For all I know poll would react more gracefully to another thread
closing the fd -- but I haven't tried that.
Comment 4 ddaney 2006-10-26 18:03:29 UTC
Subject: Re:  Race condition in ServerSocket.accept()

tromey at gcc dot gnu dot org wrote:
> ------- Comment #3 from tromey at gcc dot gnu dot org  2006-10-26 17:58 -------
> Instead of directly calling accept we could select or poll on the fd.
> This would let us have a timeout or an interrupt or something.
> For all I know poll would react more gracefully to another thread
> closing the fd -- but I haven't tried that.
> 

The essence of the problem is that you can not temporarily drop a lock 
(as Object.wait() does) in a race free manner while entering the 
accept() system call.  Sticking a poll before the accept may in some 
cases narrow the window of the race, but it does not close it.

I was going to fix the problem in 15 Minutes, but now I think I need a 
day to mull it over.

This is the type of problem that keeps us sharp...

David Daney
Comment 5 David Daney 2007-05-19 18:12:05 UTC
UNIX/Linux sucks.

There are likely races with read/write and close all over libgcj:
=================================================================
Thread 1                      Thread 2             Thread 3

load fd from memory (a field).
                              close fd
                                                   Open new fd with same #
read from fd
=================================================================

The main problem being that file descriptors are reused as soon as possible.  This makes multi-thread safe file operations very difficult.

One solution:

At libgcj initialization time do:
=====================================
int pe[2];
pipe(pe);
close(pe[0]);
int global_always_error_fd = pe[1];
=====================================

All Classes that use descriptors have:
======================
int fileDesInUse;
int fileDes;
int cleanupFD = -1;
======================

A read operation is like this:
===============================
synchronized {
   fileDesInUse++;
}
// use the descriptor
read(fileDes, ....);
synchronized {
   fileDesInUse--;
   if (cleanupFD != -1 && fileDesInUse == 0) {
      close(cleanupFD);
      cleanupFD = -1;
   }
}
========================

And close is like this:
========================
cleanupFD = dup(fileDes)
dup2(global_always_error_fd, fileDes);
synchronized {
   if (fileDesInUse == 0) {
      close(cleanupFD);
      cleanupFD = -1;
   }
}
========================

dup2 is an atomic operation that assures that the file descriptor can not be reused by another thread while we might be using it.

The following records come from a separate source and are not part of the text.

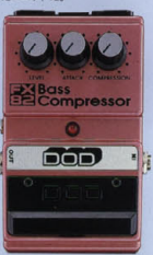
FX-82 ¥11,500 BASS COMPRESSOR

ベース専用設計された低域重視のコンパクト・タイプ。グラフィックEQ。2バンド・コントロール。音質のニュアンスを要することなく、ナチュラルに伸びやがなりステインと、ツブの削った音を削り出す。単体として使うだけでなく、オクターバーの安定したハイパス、ディレイ・コンパニオンの機能も搭載している。スピークが非常に細かいため、厚い効果を生み出す。スピークが非常に細かいため、厚い効果を生み出す。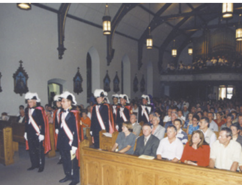
L'ingresso dei Cavalieri di Colombo nella gremita Cattedrale del Preziosissimo Sangue all'inizio della S. Messa.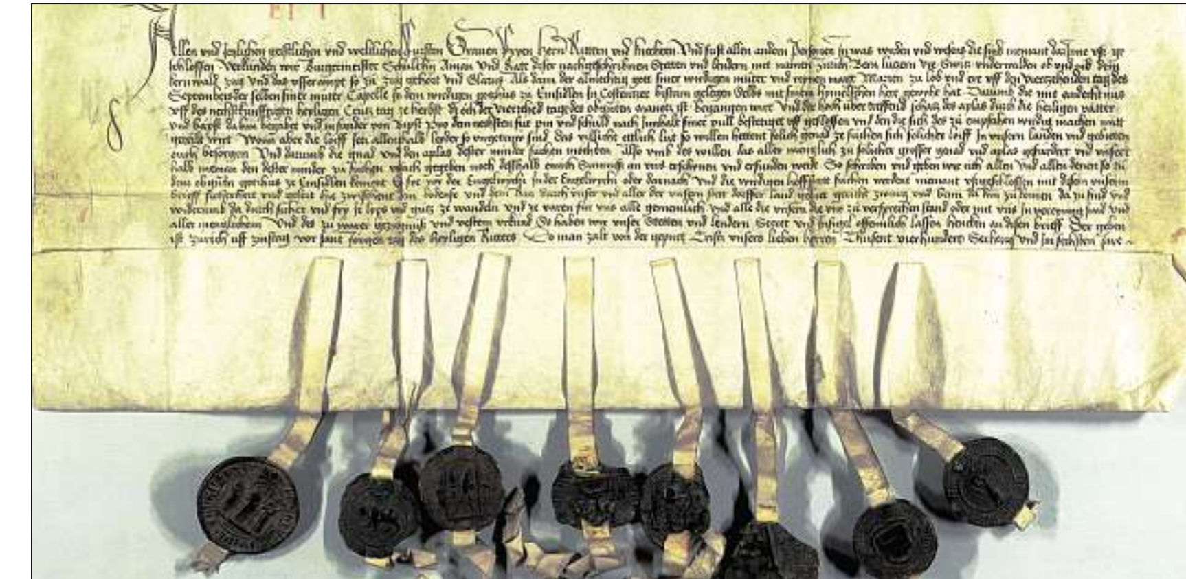
Zum sankt-gallischen Einflussgebiet des Klosters Einsiedeln gehörte insbesondere Kaltbrunn und Rapperswil. In diesem Beispiel verlieh Abt Burkhard von Weissenburg 1228 Heinrich von St. Johann das Meieramt zu Kaltbrunn.

tere 1000 Jahre erhalten. Viele dieser Urkunden haben einen Bezug zum Kanton Zürich. Im Juli 2006 bewilligte deshalb der Kanton Zürich 350 000 Franken aus dem Lotteriefonds für

The real close is done on a descriptor that is not in use by any other object.

The extra descriptors created with all the duping are closed when it is certian that nothing is using them.

Yuck.
Comment 6 David Daney 2007-05-19 18:20:33 UTC
That didn't come out quite right :(.

The close part would be:

========================
int t = dup(fileDes)
dup2(global_always_error_fd, fileDes);
synchronized {
   cleanupFD = fileDes;
}
close (t);
synchronized {
   if (fileDesInUse == 0) {
      close(cleanupFD);
      cleanupFD = -1;
   }
}
========================

Yeah, that should work.
Comment 7 David Daney 2008-02-27 18:11:00 UTC
Unassigning as I am not working on this.
Comment 8 Andrew Pinski 2016-09-30 22:53:00 UTC
Closing as won't fix as libgcj (and the java front-end) has been removed from the trunk.